*** Data extract

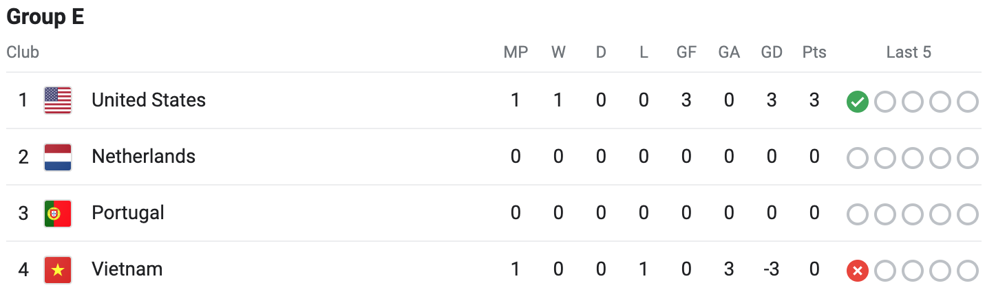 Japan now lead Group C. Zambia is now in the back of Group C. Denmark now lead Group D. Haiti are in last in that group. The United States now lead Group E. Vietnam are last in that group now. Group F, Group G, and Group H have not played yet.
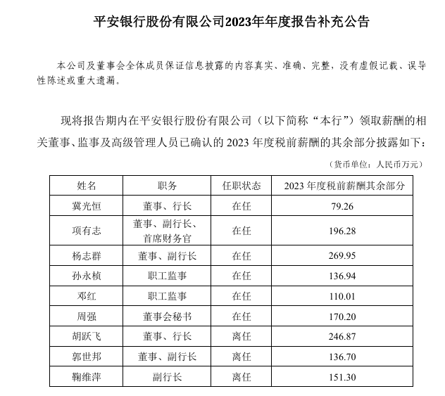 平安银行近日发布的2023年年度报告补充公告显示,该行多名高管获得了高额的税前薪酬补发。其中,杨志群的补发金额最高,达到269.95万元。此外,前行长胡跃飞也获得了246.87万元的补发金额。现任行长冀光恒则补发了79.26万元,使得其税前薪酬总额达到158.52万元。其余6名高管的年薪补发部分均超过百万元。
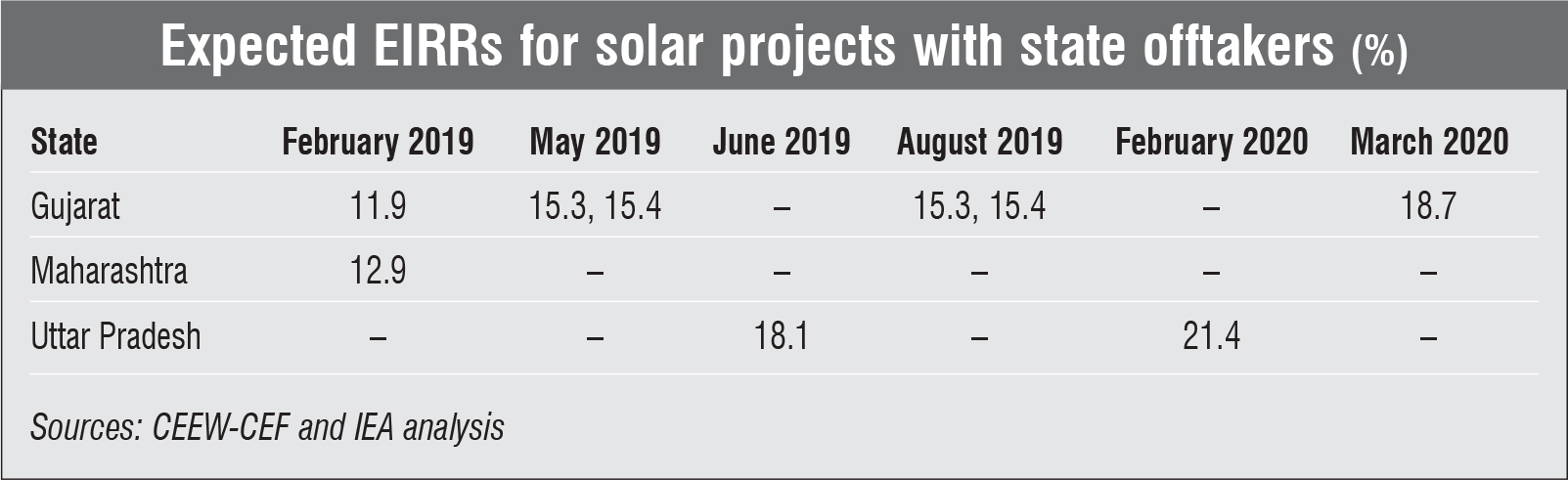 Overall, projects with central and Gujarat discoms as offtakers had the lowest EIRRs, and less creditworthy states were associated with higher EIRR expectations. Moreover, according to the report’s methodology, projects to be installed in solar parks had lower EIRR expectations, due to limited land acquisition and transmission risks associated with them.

******

**Try it:**
Transcribe the listing exactly; omit all images.

**Answer box:**
 Japan now lead Group C. Zambia is now in the back of Group C. Denmark now lead Group D. Haiti are in last in that group. The United States now lead Group E. Vietnam are last in that group now. Group F, Group G, and Group H have not played yet.
 平安银行近日发布的2023年年度报告补充公告显示,该行多名高管获得了高额的税前薪酬补发。其中,杨志群的补发金额最高,达到269.95万元。此外,前行长胡跃飞也获得了246.87万元的补发金额。现任行长冀光恒则补发了79.26万元,使得其税前薪酬总额达到158.52万元。其余6名高管的年薪补发部分均超过百万元。
 Overall, projects with central and Gujarat discoms as offtakers had the lowest EIRRs, and less creditworthy states were associated with higher EIRR expectations. Moreover, according to the report’s methodology, projects to be installed in solar parks had lower EIRR expectations, due to limited land acquisition and transmission risks associated with them.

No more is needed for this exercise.